本质上,我们在“ user_entry_note”列中查看是否已按顺序成功输入给定序列的某些块。

要从序列中获取块,我使用以下函数:

def get_chunks_from_seq(seq_id):

    tidy = tidy_string(seq_id)
    'work out for all the possible chunks'

    # work out the chunks
    ord_chunks = [tidy[i:j] for i, j in itertools.combinations(range(len(tidy)+1), 2)]

    return(ord_chunks)

按顺序返回所有可能的块的列表。

现在,我在不使用大量数据框的情况下难以实现各种目标。我认为我可能会从流程的早期就遗忘了一个窍门。

此处“ seq”是原始序列,“块”是该序列的组成部分。

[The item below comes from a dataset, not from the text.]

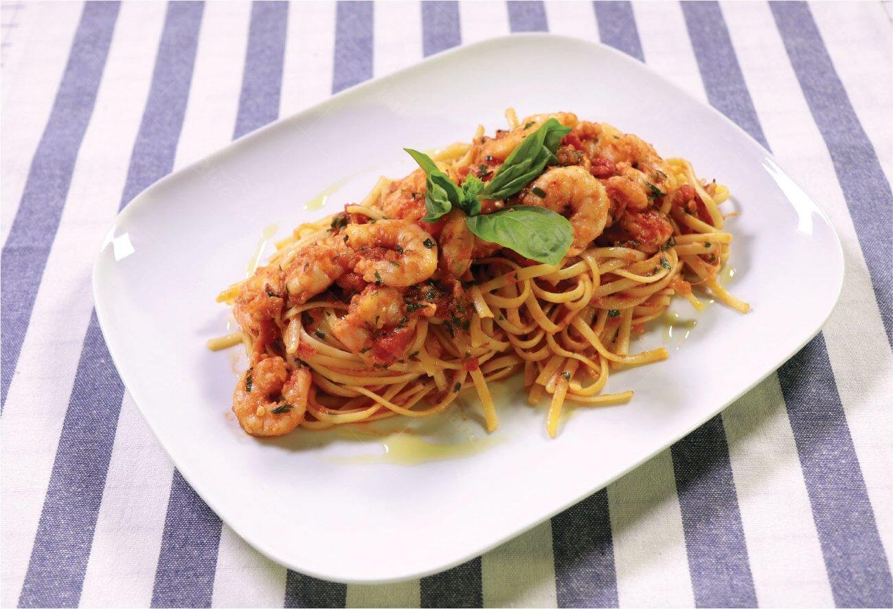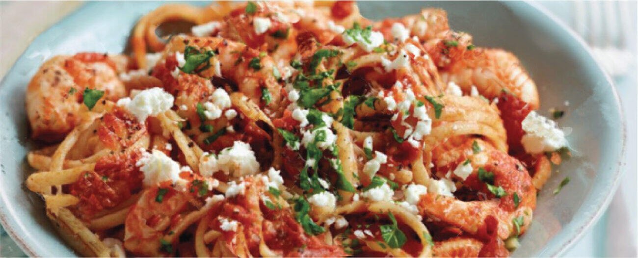 Βίδες με γαρίδες και κόκκινη σάλτσα

整个序列在第二阶段也变成了一个块。

对于每个“大块”,我想知道它的“完成” trial_ms(按“ user_entry_note”列中的顺序播放)以及此时用户entry_error_no和userentries_plybs中的值。

我设法做到这一点:

# get a list of the possible chunks based on the sequence
    chunks = get_chunks_from_seq(df1['seq'][0])

    # create df of chunks and their completion indexes
    h = [find_idx(seq, df1, 'user_entry_note') for seq in chunks]

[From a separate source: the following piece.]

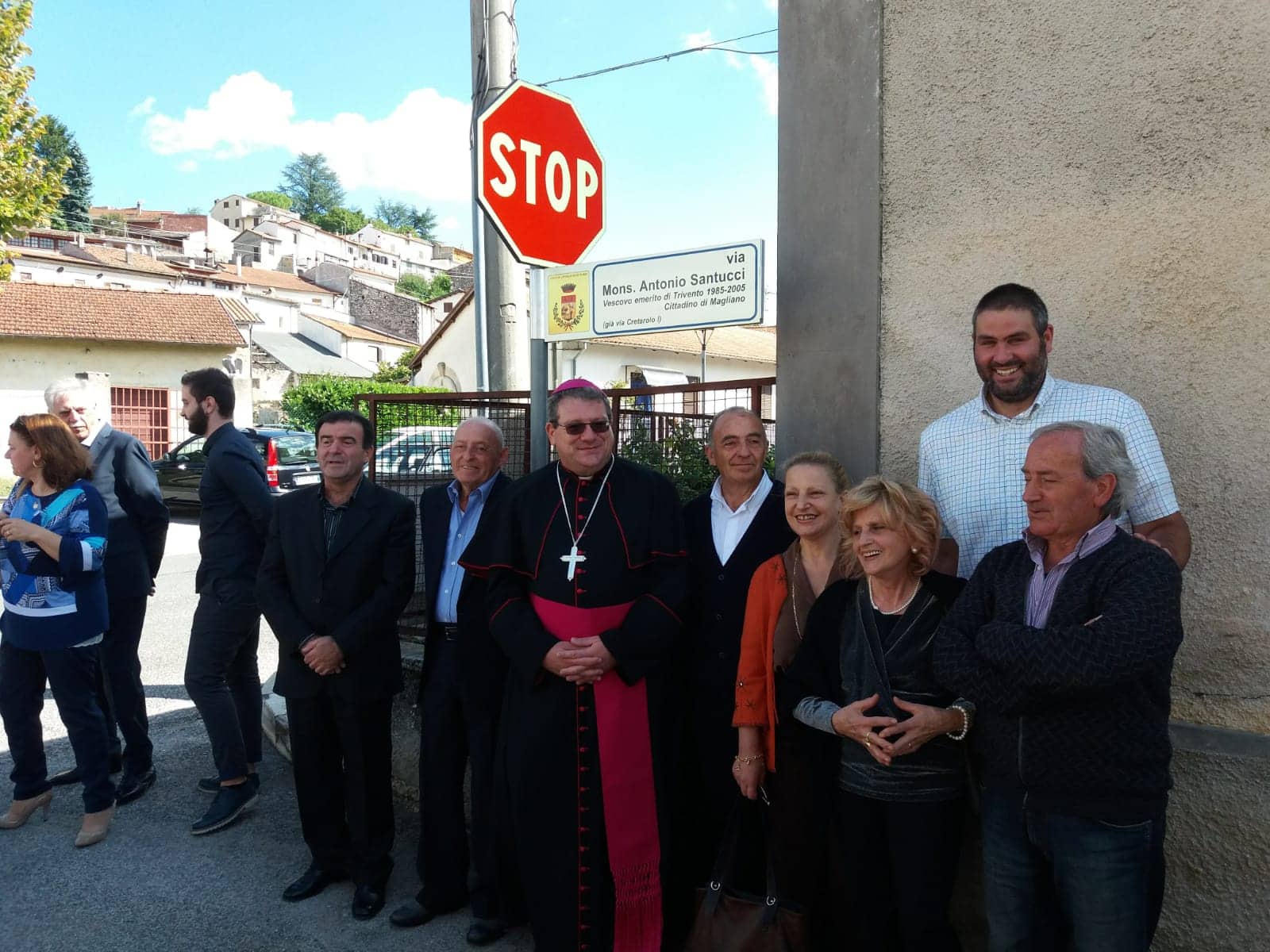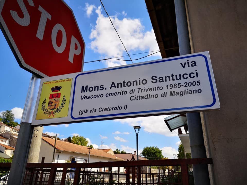 Magliano dei Marsi – Si è svolta questa mattina in un clima di grande commozione la cerimonia in onore di Mons. Antonio Santucci emerito Vescovo di Trivento, al quale la sua città natale Magliano dei Marsi ha voluto intitolare una strada cittadina. La targa è stata scoperta dal sindaco Avv. Mariangela Amiconi, unitamente al Vescovo di Trivento Monsignor Claudio Palumbo. Presente anche una delegazione del Comune di Trivento e del Comune di Carsoli con l’assessore Alessandra Zazza e la Presidente del Consiglio Lorenza Muzi, dove Mons. Santucci fu parroco dal 1973 al 1985. Venne definito il “parroco della rinascita” perchè ebbe un ruolo importante e propulsivo che fu fondamentale per la città di Carsoli.

    # list of the chunks themselves
    h2 = [seq for seq in chunks]

    # column of chunk lens
    h3 = [len(seq) if isinstance(seq, list) is True else 1 for seq in chunks]

    # create strings of these
    h2_str = []
    for p in h2:
        if type(p) == list:
            p = list_to_string(p)
            h2_str.append(p)
        else: 
            h2_str.append(str(p))

    # make df to format them
    df1_2 = pd.DataFrame({'chunk_idx__completion_in_trial': h,'chunk': h2_str,'chunk_len': h3 })


    # sub df
    subdf1 = ['user_id','timecode','user_entries_error_no', 'user_entries_plybs']
    df1_3 = df1.iloc[h,:][subdf1].reset_index()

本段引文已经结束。